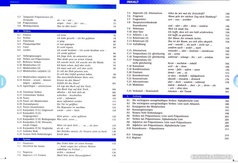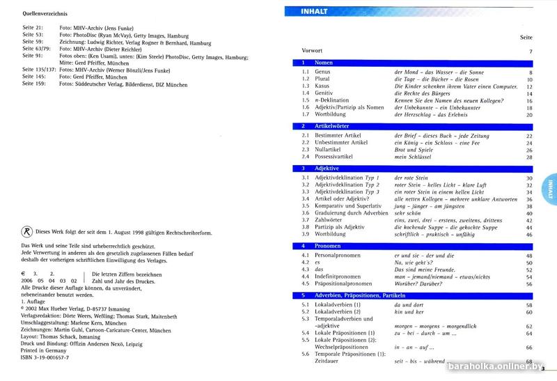 Оглавление чёткое и исчерпывающее (1 Существительные; 2 Артикли; 3 Прилагательные; 4 Местоимения; 5 Наречия, предлоги, частицы; 6 Глаголы; 7 Синтаксис; Приложение) с подразделами, посвященными конкретным грамматическим структурам (например, 1 Существительные - 1.1 Род, 1.2 Многоязычные...). Импонирует то, что соответствующие структуры иллюстрируются примерами в оглавлении; не нужно знать (иногда практически непроизносимый) технический термин, можно ориентироваться, используя примеры.
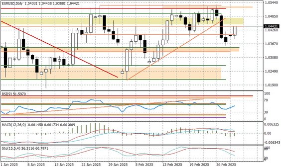 Dzisiaj para EURUSD próbuje odbijać po spadkach z ubiegłego tygodnia. Ryzykowne aktywa (giełdy i krypto) też łapią oddech. Dla euro wsparciem są opublikowane dzisiaj lepsze, finalne odczyty PMI dla przemysłu, oraz wstępny odczyt inflacji (bazowa HICP spada wolniej, niż oczekiwano). Wydaje się jednak, że w obliczu wielu ryzyk (brak szybkiego rozwiązania w temacie Ukrainy i niepewności gospodarczej za sprawą możliwych ceł na UE), które mogą eskalować, szanse na wyjście EURUSD ponad kluczowy opór 1,05-1,0530 są małe. To, co obserwujemy teraz wokół dolara (korekcyjne cofnięcie) raczej zbiega się z tym, co widać na kontraktach na Wall Street. Jeżeli w kolejny dniach risk-off wróci, to EURUSD ponownie zejdzie poniżej 1,04. Zwłaszcza, że średnioterminowe sygnały raczej już padły w ubiegłym tygodniu - to perspektywa wracania w stronę wsparć przy1,02 , być może do końca marca.
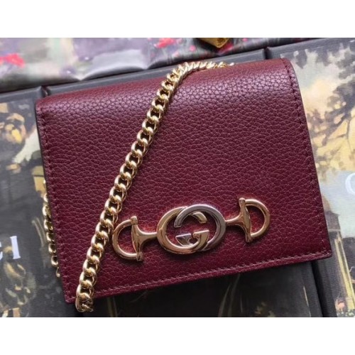 Gucci Zumi Grainy Leather Card Case Wallet 570660 Burgundy 2019
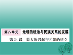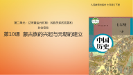 第二单元·辽宋夏金元时期:民族关系的发展和社会变化他们属于哪个少数民族?一、成吉思汗统一蒙古蒙古包有星的天旋转着,众百姓反了,不进自己的卧内,互相抢掠财物。有草皮的地翻转着,众部百姓反了,不卧自己被儿里,互相攻打。——《蒙古秘史》江山如此多娇,引无数英雄竞折腰。惜秦皇汉武,略输文采;唐宗宋祖,稍逊风骚。一代天骄,成吉思汗,只识弯弓射大雕。俱往矣,数风流人物,还看今朝。——沁园春·雪铁木真统一蒙古各部一代天骄,成吉思汗。——毛泽东《沁园春·雪》探究一:你认为成吉思汗成功的原因有哪些?1、政治:建立军政合一的
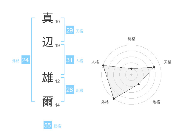 真辺 雄爾さんを姓名の画数から五運を鑑定
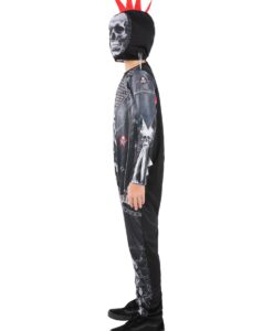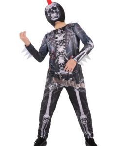 💀🎸 Kids Punk Skeleton Costume – All-In-One with Hooded Mask | Boys Fancy Dress
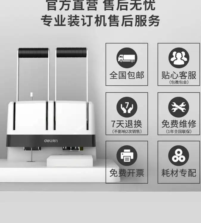 得力凭证装订机手动打孔财务会计胶装机账本小型办公资料档案文件热熔铆管胶管女生省力家用打孔机自动装订机
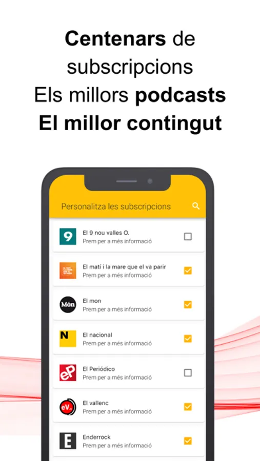 A més, tindràs accés a tots els podcasts del Diari Ara, La Grada Ràdio, RAC1, La competència, El Barça juga a RAC1, Catalunya al dia Barcelona, Catalunya al dia Tarragona, Al Dia. Terres de l’Ebre, Catalunya al dia Girona, Catalunya al dia Lleida, Tarragona Ràdio, Radio Estel, Informe Sala i Martín, Sentiment Lleidatà i molts d’altres.
==========
In the entries above, find the line containing "Boys Fancy Dress" and the line containing "得力凭证装订机手动打孔财务会"; give again exactly those two lines and every line between them, minus the pictures.

Result.
 💀🎸 Kids Punk Skeleton Costume – All-In-One with Hooded Mask | Boys Fancy Dress
 得力凭证装订机手动打孔财务会计胶装机账本小型办公资料档案文件热熔铆管胶管女生省力家用打孔机自动装订机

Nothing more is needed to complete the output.